(Collected data entries)
┄┄┄┄┄┄

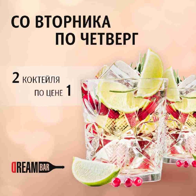 В Dream Bar со вторника по четверг можно заказать два коктейля, а заплатить только за один.
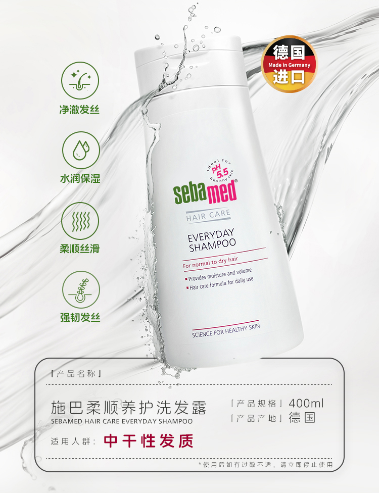 【品名】德国施巴柔顺养护洗发水400ml
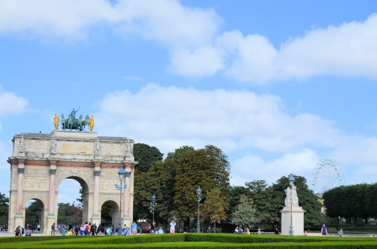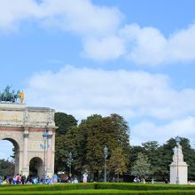 ルーブル美術館の裏側の入り口を出た場所にキャルーゼル凱旋門とキャルーゼル像がある。凱旋門と比べると見劣りし、ルーブル美術館の圧倒的な存在感にまったく目立たないのが残念。ルーブル美術館とセットで見るとよいと思うが、わざわざ凱旋門だけを見に行くほどではない
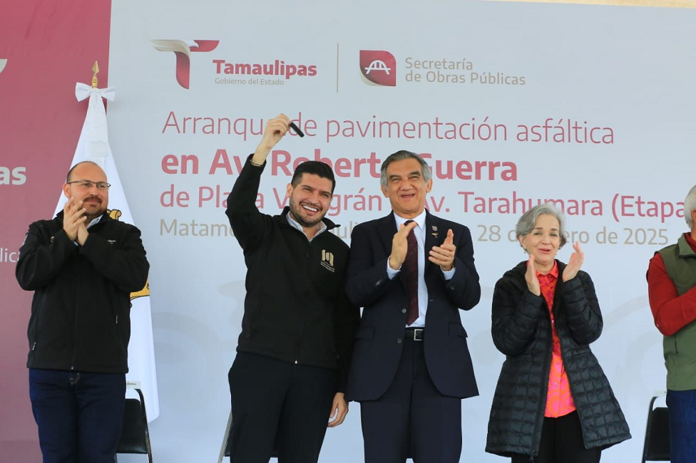 Como parte de su gira de trabajo, Villarreal Anaya dio el banderazo de inicio a la pavimentación asfáltica de la avenida Roberto Guerra, de playa Villagrán a la avenida Tarahumara, con un importe asignado de 38 millones 336 mil 533 pesos, en beneficio de más de 23 mil matamorenses.
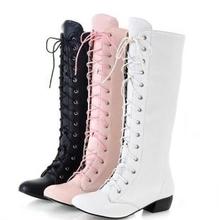 清仓cosplay靴子复古黑白高筒马丁靴骑士靴系带女靴子长靴子大码
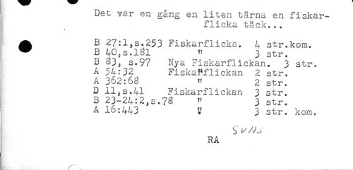 //// Det var en gång en liten tärna en fiskar- //// flicka täck... //// ^ B 27:1,s.253 Fiskarflicka. 4 str.kom. //// ^ B 40,s.181 " 3 str. //// B 83, s.97 Nya Fiskarflickan. 3 str. //// A 54:32 Fiskarflickan 2 str. //// A 362:68 " 2 str. //// D ll,s.41 Fiskarflickan 3 str. //// B 23-24:2,s.7^ " 3 str. //// A 16:443 V 3 str. kom. //// RA //// r*** . ... ___.<< ////
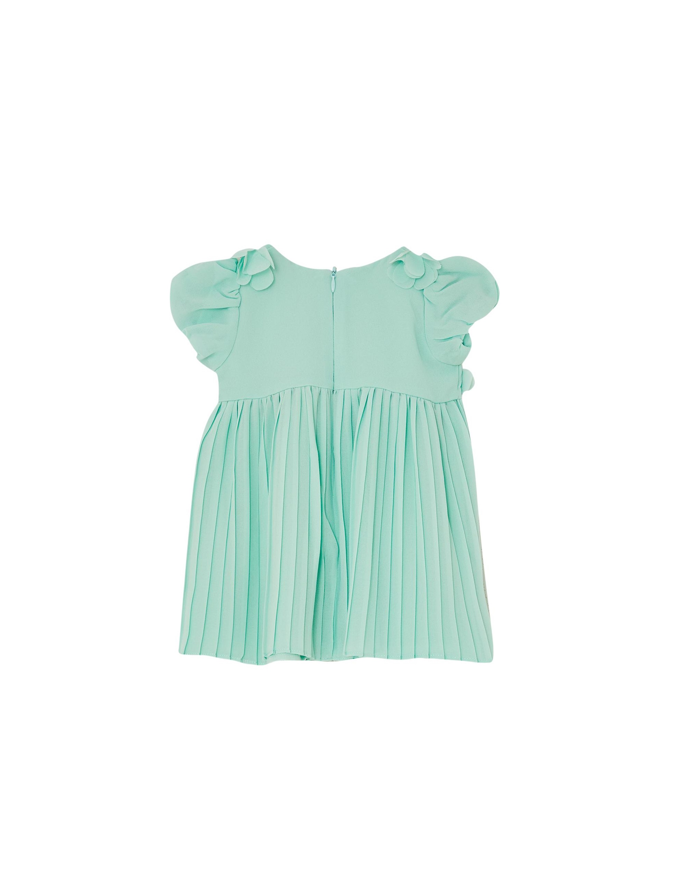 Abito elegante con maniche corte a palloncino, con scollo rotondo, a tinta unita, con chiusura con zip invisibile sul retro, gonna plissettata, placchetta con logo LJ sul fondo e particolare dettaglio di petali tridimensionali applicati su tutto il corpetto. Per un look elegante e chic. LIU.JO
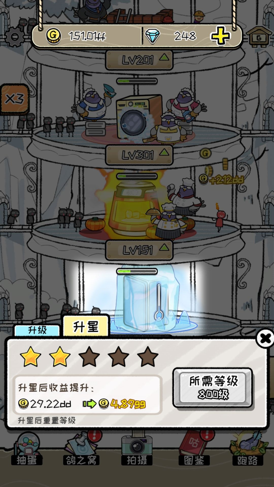 再者就是鸽栏生产速度和种量的问题,鸽栏与相邻鸽栏之间的生产量差距太大,解锁下一个鸽栏的时间越来越长。对于延长玩家玩耍时间是好事,但是对于玩家而言确就比较恶意了。
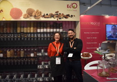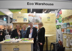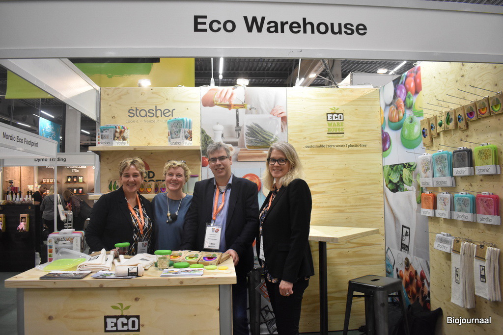 Johan en Ellen Visser van Eco-warehouse presenteren op de beurs onder andere de onlangs toegevoegde lijn Food Huggers. Zij staan hier op de foto met Adrienne Mcnicholas (Food Huggers) en Calette Terhaerdt Losic (consulente voor handelsbetrekkingen). De stand van Eco-warehouse is helemaal vernieuwd.
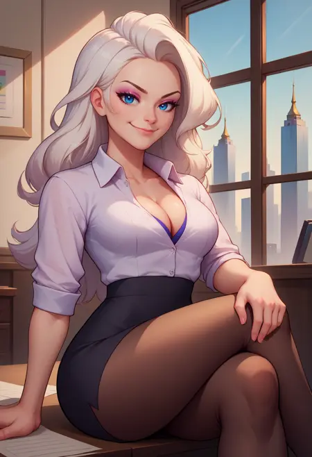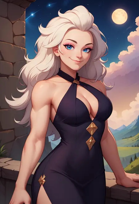 トリガー:**"MarianKelly, blue eyes, eyeliner, white hair, long hair"は常に必要です。正確な体つきを表現するには、可见な場合に"toned"と"abs"**を追加してください。
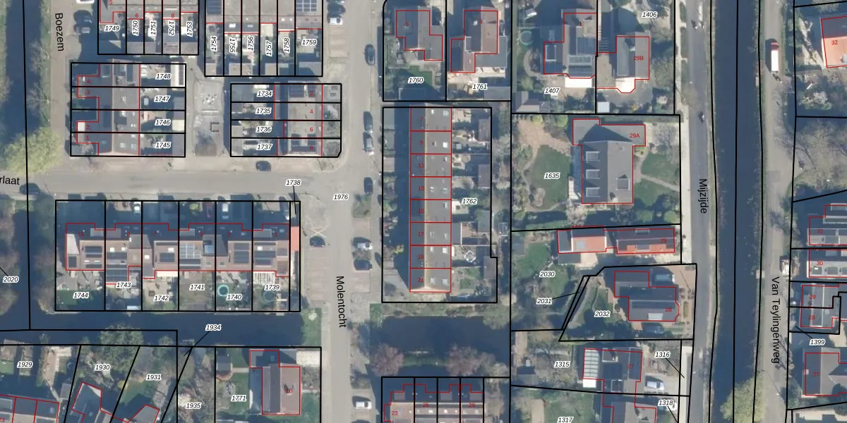 Het perceel waarop Molentocht 15 staat heeft een oppervlakte van 1195 m². Dit is een zeer groot perceel. De perceeloppervlakte wordt geregistreerd door het Kadaster. Gedetailleerde informatie over de maten van dit perceel kunt u vinden in het rapport Kadastrale kaart met maatvoering van Molentocht 15.
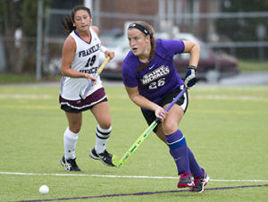 Kelsie Miller in action playing field hockey in college. (James Buck / St. Michael’s College)
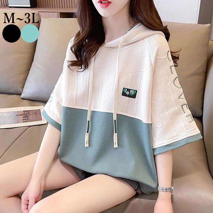 Tシャツ レディース 半袖パーカー プルオーバー フード付きトップス 春夏ロゴプリント プルオーバーパーカーロゴ 大きいサイズ夏ML2L3L
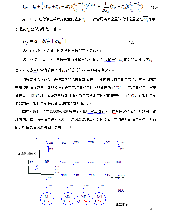 為節省能源,減少城市污染,充分利用火力發(fā)電廠(chǎng)蒸汽輪機發(fā)電后的余熱,在冬季對北方城市集中供熱。從發(fā)電廠(chǎng)送出來(lái)的熱水,到城市中的換熱站時(shí),一次供水熱水溫度有90多度,經(jīng)過(guò)熱交換器后,一次回水熱水的溫度下降到60多度,然后再流回發(fā)電廠(chǎng)。送到城市居民家中的熱水,進(jìn)入換熱站熱交換器的二次回水溫度有50多度,二次供水溫度60多度。陜西寶雞有許多這樣的換熱站,其中有一換熱站有四臺熱交換器,四臺37kW的管道泵組成的循環(huán)泵組,一臺3.7kW的補水泵。循環(huán)泵和補水泵采用人工開(kāi)、關(guān)閥門(mén)控制流量,使管路的阻尼增大而造成電能浪費。
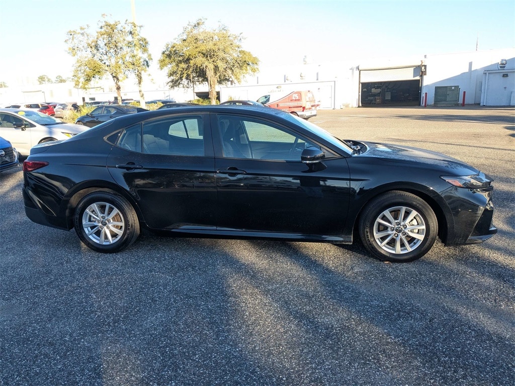 Midnight Black 2025 Toyota Camry LE LE 2.5L 4-Cylinder 16V DOHC FWD eCVT 2.5L 4-Cylinder 16V DOHC, Black Cloth, 4-Wheel Disc Brakes, 6 Speakers, ABS brakes, Air Conditioning, Alloy wheels, AM/FM radio: SiriusXM, Apple CarPlay/Android Auto, Auto High-beam Headlights, Automatic temperature control, Brake assist, Bumpers: body-color, Delay-off headlights, Driver door bin, Driver vanity mirror, Dual front impact airbags, Dual front side impact airbags, Electronic Stability Control, Emergency communication system: Safety Connect (up to 10-year trial subscription), Exterior Parking Camera Rear, Fabric Seat Trim, Four wheel independent suspension, Front anti-roll bar, Front Bucket Seats, Front Center Armrest, Front dual zone A/C, Front reading lights, Fully automatic headlights, Heated door mirrors, Illuminated entry, Knee airbag, Low tire pressure warning, Occupant sensing airbag, Outside temperature display, Overhead airbag, Overhead console, Panic alarm, Passenger door bin, Passenger vanity mirror, Power door mirrors, Power steering, Power windows, Radio data system, Radio: Toyota Audio Multimedia w/8" Touchscreen, Rear anti-roll bar, Rear seat center armrest, Rear side impact airbag, Rear window defroster, Remote keyless entry, Security system, Speed control, Speed-sensing steering, Split folding rear seat, Steering wheel mounted audio controls, Telescoping steering wheel, Tilt steering wheel, Traction control, Trip computer, Turn signal indicator mirrors, Variably intermittent wipers, Wheels: 16" Silver-Finished Alloy, 2.5L 4-Cylinder 16V DOHC, Black Cloth.
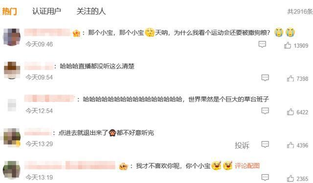 这段画面曝光后,相关话题登热搜榜,出稿前阅读量超 7451 万,众多网友热评:" 天呐,看个运动会还要被撒狗粮?"
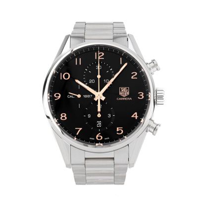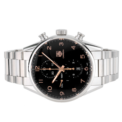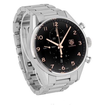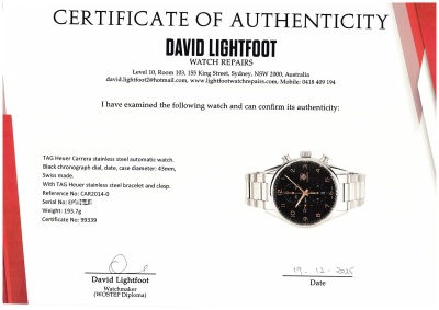 TAG Heuer Carrera stainless steel automatic mens watch. Black chronograph dial, date, case diameter: 43mm, wrist size: 18.5cm, Swiss made. Ref# CAR2014-0. With TAG Heuer stainless steel bracelet and clasp. With Certificate of Authenticity, TAG Heuer International Warranty card dated 23/02/2104, spare TAG Heuer clasp and TAG Heuer box. 3 month FSA warranty. Weight: 193.7g (Pre-owned)
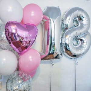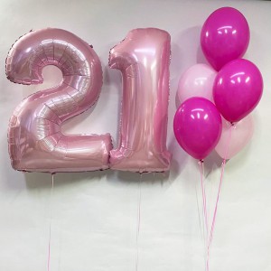 Состав: - 2 цифры 102 см; - 2 шара 35 см розовых; - 3 шара 35 см фуксия.

┄┄┄┄┄┄

> **Aim of the task**
Using the entries above, repeat exactly the lines from the one with "Johan en Ellen" to the one with "為節省能源,減少城市污染,充", both included, and leave the pictures behind.

> **Output of the task**
 Johan en Ellen Visser van Eco-warehouse presenteren op de beurs onder andere de onlangs toegevoegde lijn Food Huggers. Zij staan hier op de foto met Adrienne Mcnicholas (Food Huggers) en Calette Terhaerdt Losic (consulente voor handelsbetrekkingen). De stand van Eco-warehouse is helemaal vernieuwd.
 トリガー:**"MarianKelly, blue eyes, eyeliner, white hair, long hair"は常に必要です。正確な体つきを表現するには、可见な場合に"toned"と"abs"**を追加してください。
 Het perceel waarop Molentocht 15 staat heeft een oppervlakte van 1195 m². Dit is een zeer groot perceel. De perceeloppervlakte wordt geregistreerd door het Kadaster. Gedetailleerde informatie over de maten van dit perceel kunt u vinden in het rapport Kadastrale kaart met maatvoering van Molentocht 15.
 Kelsie Miller in action playing field hockey in college. (James Buck / St. Michael’s College)
 Tシャツ レディース 半袖パーカー プルオーバー フード付きトップス 春夏ロゴプリント プルオーバーパーカーロゴ 大きいサイズ夏ML2L3L
 為節省能源,減少城市污染,充分利用火力發(fā)電廠(chǎng)蒸汽輪機發(fā)電后的余熱,在冬季對北方城市集中供熱。從發(fā)電廠(chǎng)送出來(lái)的熱水,到城市中的換熱站時(shí),一次供水熱水溫度有90多度,經(jīng)過(guò)熱交換器后,一次回水熱水的溫度下降到60多度,然后再流回發(fā)電廠(chǎng)。送到城市居民家中的熱水,進(jìn)入換熱站熱交換器的二次回水溫度有50多度,二次供水溫度60多度。陜西寶雞有許多這樣的換熱站,其中有一換熱站有四臺熱交換器,四臺37kW的管道泵組成的循環(huán)泵組,一臺3.7kW的補水泵。循環(huán)泵和補水泵采用人工開(kāi)、關(guān)閥門(mén)控制流量,使管路的阻尼增大而造成電能浪費。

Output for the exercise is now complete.